Il rapimento di due soldati israeliani, con la risposta dell’ingresso delle truppe in Libano, mantiene alta la tensione su quella che potrebbe presto assumere le caratteristiche di una vera e propria guerra. Se poi si aggiungono i test missilistici effettuati nei giorni scorsi dalla Corea del Nord e l’atteggiamento attendista dell’Iran sulla risposta agli incentivi per la sospensione del programma nucleare, il quadro geopolitico e’ completo e non e’ dei piu’ tranquilli.

Il prezzo del petrolio e’ schizzato ad un soffio dai $75 al barile, complici anche i dati deludenti sulle scorte settimanali di greggio e benzina, risultati nettamente inferiori alle attese degli analisti. I futures con scadenza agosto sono avanzati di 79 centesimi a quota $74.95 al barile.

Ad alimentare le vendite sull’azionario e’ stata anche la serie di notizie negative giunte dal fronte societario e i commenti negativi di alcuni analisti sugli utili aziendali. A determinare il clima negativo gia’ prima dell’apertura era stata la maxi-multa da $357 milioni inflitta dalla Commissione Europea al colosso informatico Microsoft per aver violato le leggi sull’antitrust.

Ad aggravare la situazione sul comparto e’ stato il taglio delle stime sui ricavi di IBM da parte di J.P.Morgan, preoccupata dalle poco reali attese di crescita offerte dal gruppo. Riviste al ribasso anche le previsioni sui risultati di Dell da parte di UBS, accompagnate da un ritocco del target price che hanno spinto il titolo a deprezzarsi di circa il 5%. Tra la diffusa debolezza a subire considerevoli pressioni di vendita e’ stato anche il colosso dei chip Intel, arretrato di quasi il 4%.

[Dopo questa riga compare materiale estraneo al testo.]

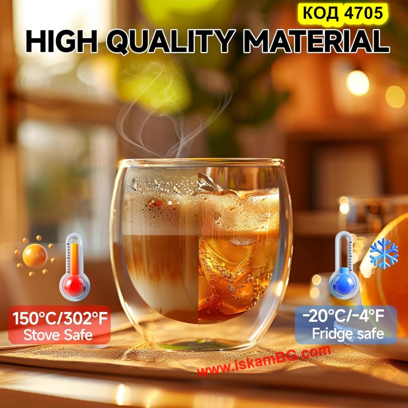 Модерна и минималистична, тази стъклена чаша с двойни стени е създадена за онези, които ценят стил и функционалност.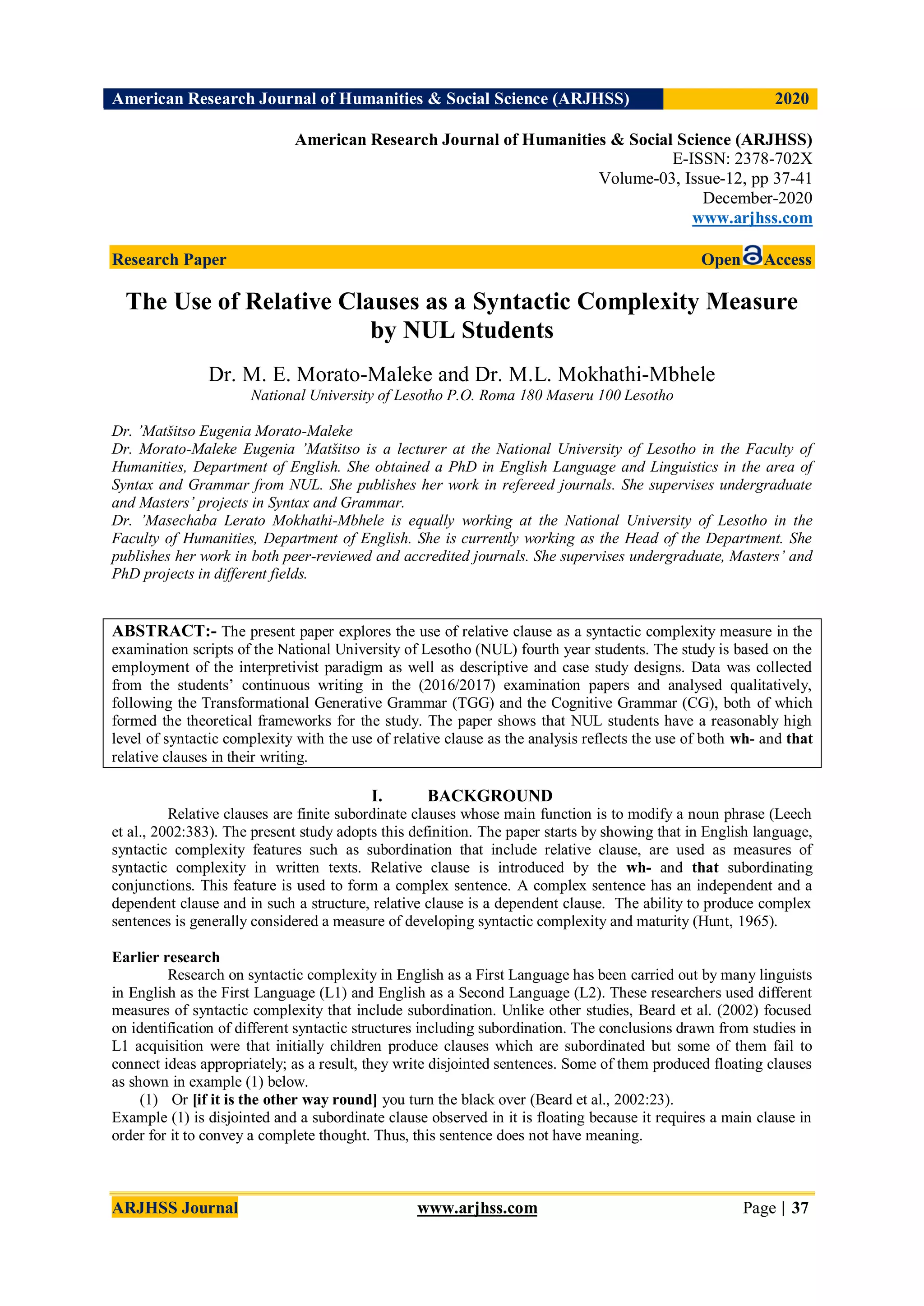 This research paper investigates the use of relative clauses as a measure of syntactic complexity in the examination scripts of fourth year students at the National University of Lesotho. It reveals that these students exhibit a high level of syntactic complexity in their writing, effectively employing relative clauses in various syntactic positions. The findings suggest that the students are capable of constructing complex sentences using restrictive relative clauses, enhancing the clarity and specificity of their writing.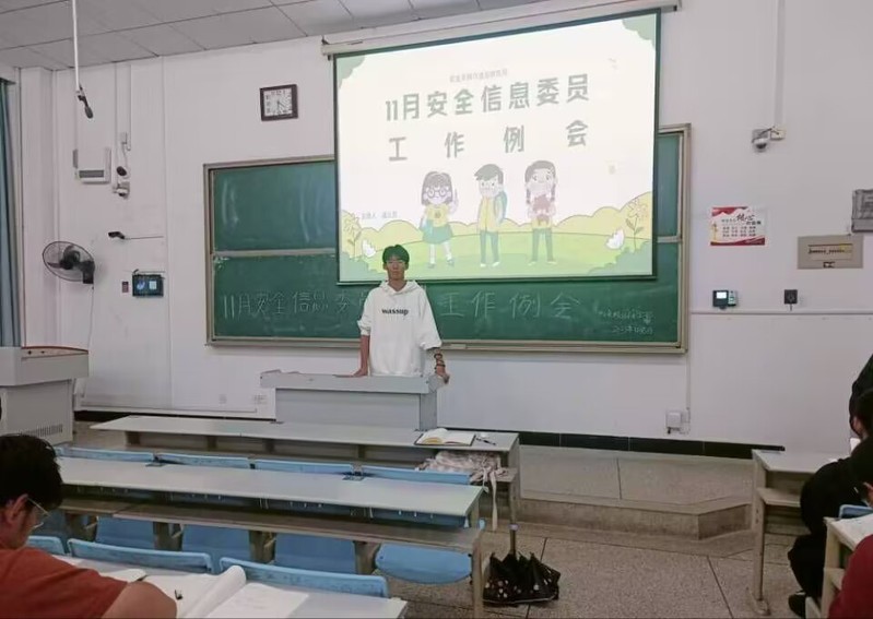 最后,学院校园安全部副部长潘立晨结合实际案例,对校园安全教育的重要性进行了强调,并希望各班安全信息委员作为学生干部,要积极发挥带头作用,把校园安全工作具体落实到班级。

Contrastate le trimestrali diffuse in giornata. Buona quella di Genzyme, il cui titolo e’ cresciuto di oltre l’8%; superiore alle attese anche quella della societa’ biotech Genentech, ma un rallentamento delle vendite dell’Avastin, farmaco attivo contro il cancro, ha alzato alcune preoccupazioni sull’outlook dell’azienda che ha dovuto assistere ad un calo del titolo pari a circa il 3.7%.

Le uniche societa’ del Dow Jones a terminare in territorio positivo sono state Alcoa, General Motors ed Exxon Mobil. I maggiori ribassi sono stati registrati, oltre che dalla gia’ citata Intel, anche da Hewlett-Packard, Home Depot e Caterpillar.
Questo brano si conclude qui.